Tata Steel Nederland (TSN) created a digital twin of its steel ladle operation as part of a broader effort to decarbonize; a TSN researcher described it on a webcast as a “complex system of different demands and choices to make.” For example, running the operation at slightly lower temperatures reduces wear on the ladle’s parts—potentially reducing production losses—but actually increases CO2 emissions.
“You can’t make the right decision with only one model of one installation,” says Paul Van Beurden, principal researcher. TSN now runs dozens, if not hundreds, of what-if models on its digital twin, getting answers in seconds about what adjustments would reduce emissions while keeping efficiency high. The thermo management application also uses AI to make predictions about equipment failure, among other things.

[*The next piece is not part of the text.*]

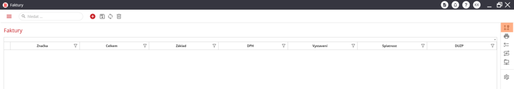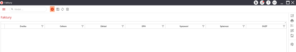 . Po kliknutí na ikonu se otevře nové okno, které slouží k vyplnění údajů nové faktury.

Digital twins are virtual representations of a physical item or an entire system, based on data captured and shared through sensors and Internet of Things (IoT) devices. An accurate digital twin enables rich 3D modeling and what-if analysis. With the addition of machine learning (ML) and advanced data analytics capabilities, it’s possible to quickly derive powerful insights about the system being modeled. The implications are huge. As demonstrated at TSN, digital twins can save serious money, improve product designs, elevate efficiency and productivity, and boost sustainability.
Until now, heavy industries that work with large assets and that use product lifecycle management (PLM) systems—including oil and gas extraction, aerospace, and automotive—have been leaders in digital twin adoption. But that has changed in recent years because the components that make digital twins possible and useful are now much less expensive, easier to use, and easier to access. Digital twins are now being used in retail, utilities, healthcare, and even smart cities.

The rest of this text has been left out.